**What to work on:** Copy the data exactly as it appears, and do not include any pictures.

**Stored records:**

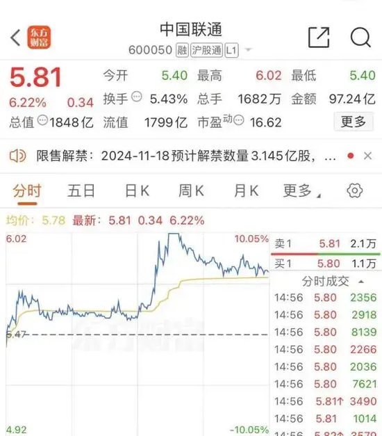 11月15日,三大运营商午后拉升,中国联通盘中一度涨停。截至收盘,中国联通涨超6%,中国电信涨超2%,中国移动涨超1%。
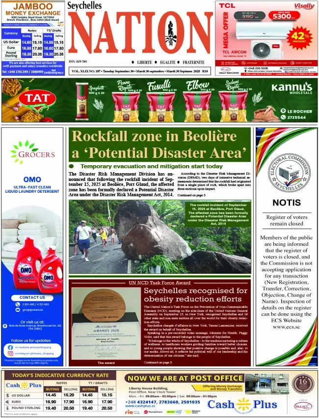Aux Seychelles, le Nation met en lumière une menace naturelle directe : la zone de Beoliere a été classée « à haut risque » après un glissement de rochers. Une évacuation temporaire et des mesures de mitigation sont enclenchées. Dans un autre registre, le pays se voit salué par l’ONU pour ses efforts en matière de réduction de l’obésité, preuve de la reconnaissance internationale pour ses politiques de santé publique.
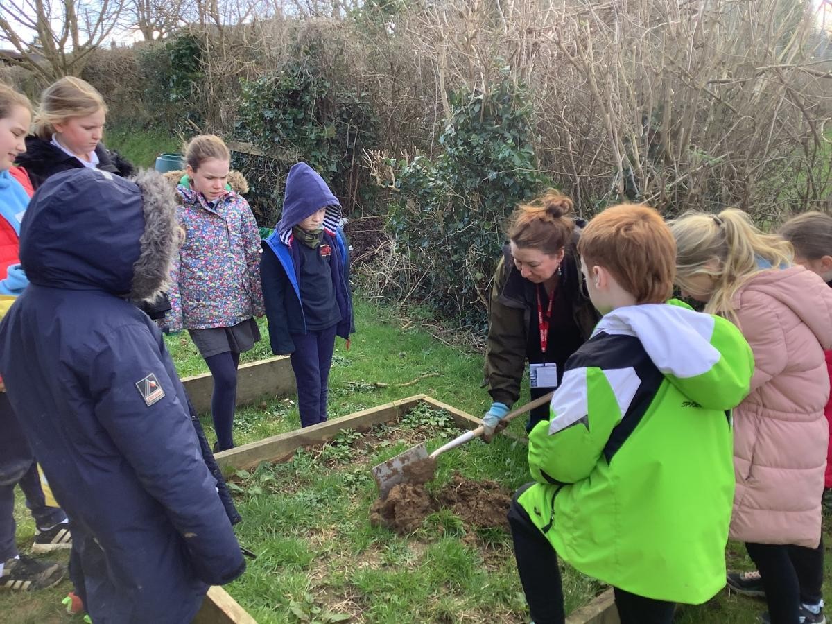 The Eco committee from Kingfisher class along with some other volunteers from the class worked wonders on the veg beds by the village hall. They mulched 3 beds with cardboard and sowed 3 varieties of broad beans after preparing another bed. A blackcurrant plant was also added! Thank you to Angela from Food for Thought who came to support us with our gardening.
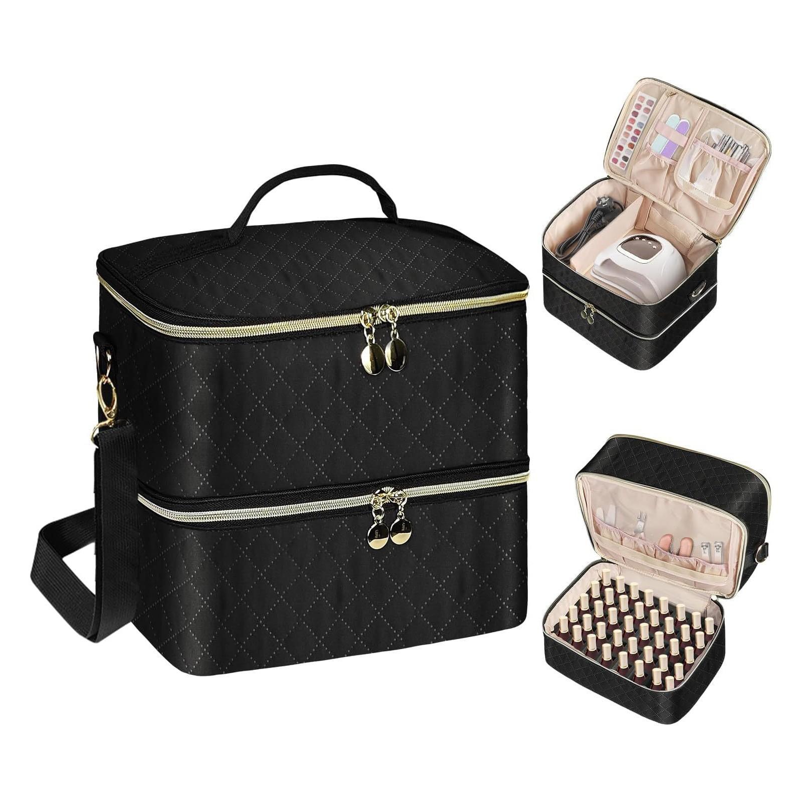 Сумка-косметичка с ремнем через плечо для хранения лака для ногтей, двухслойная дорожная сумка для хранения One Size чёрный
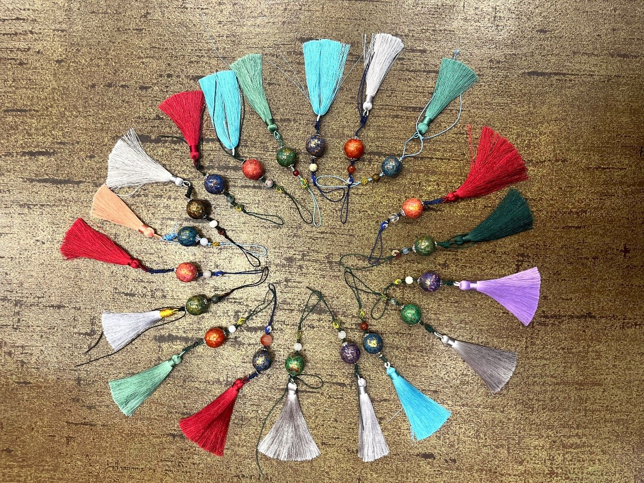 漆艺工坊,女职工们开启了一场跨越八千年的文化对话,了解了大漆的使用在中国已有八千年历史,成都是中国漆艺最早的发源地之一,每棵漆树在其生命周期内仅能产出10公斤生漆,因此有“百里千刀一斤漆”这样的说法。在非遗传承人的指导下,女职工们化身“当代女工匠”,将经过“髹漆”工艺的漆珠耐心的打磨、塑形、抛光、清洗,漆珠逐渐绽放出独一无二的光彩。有的漆珠被打磨出神鸟的图案、有的呈现出鸳鸯的图案、还有的呈现出结界兽的图案。当最后一道推光工序完成,原本黯淡的漆珠在掌心流转出星辰般的光泽。

**Written answer:**
 11月15日,三大运营商午后拉升,中国联通盘中一度涨停。截至收盘,中国联通涨超6%,中国电信涨超2%,中国移动涨超1%。
Aux Seychelles, le Nation met en lumière une menace naturelle directe : la zone de Beoliere a été classée « à haut risque » après un glissement de rochers. Une évacuation temporaire et des mesures de mitigation sont enclenchées. Dans un autre registre, le pays se voit salué par l’ONU pour ses efforts en matière de réduction de l’obésité, preuve de la reconnaissance internationale pour ses politiques de santé publique.
 The Eco committee from Kingfisher class along with some other volunteers from the class worked wonders on the veg beds by the village hall. They mulched 3 beds with cardboard and sowed 3 varieties of broad beans after preparing another bed. A blackcurrant plant was also added! Thank you to Angela from Food for Thought who came to support us with our gardening.
 Сумка-косметичка с ремнем через плечо для хранения лака для ногтей, двухслойная дорожная сумка для хранения One Size чёрный
 漆艺工坊,女职工们开启了一场跨越八千年的文化对话,了解了大漆的使用在中国已有八千年历史,成都是中国漆艺最早的发源地之一,每棵漆树在其生命周期内仅能产出10公斤生漆,因此有“百里千刀一斤漆”这样的说法。在非遗传承人的指导下,女职工们化身“当代女工匠”,将经过“髹漆”工艺的漆珠耐心的打磨、塑形、抛光、清洗,漆珠逐渐绽放出独一无二的光彩。有的漆珠被打磨出神鸟的图案、有的呈现出鸳鸯的图案、还有的呈现出结界兽的图案。当最后一道推光工序完成,原本黯淡的漆珠在掌心流转出星辰般的光泽。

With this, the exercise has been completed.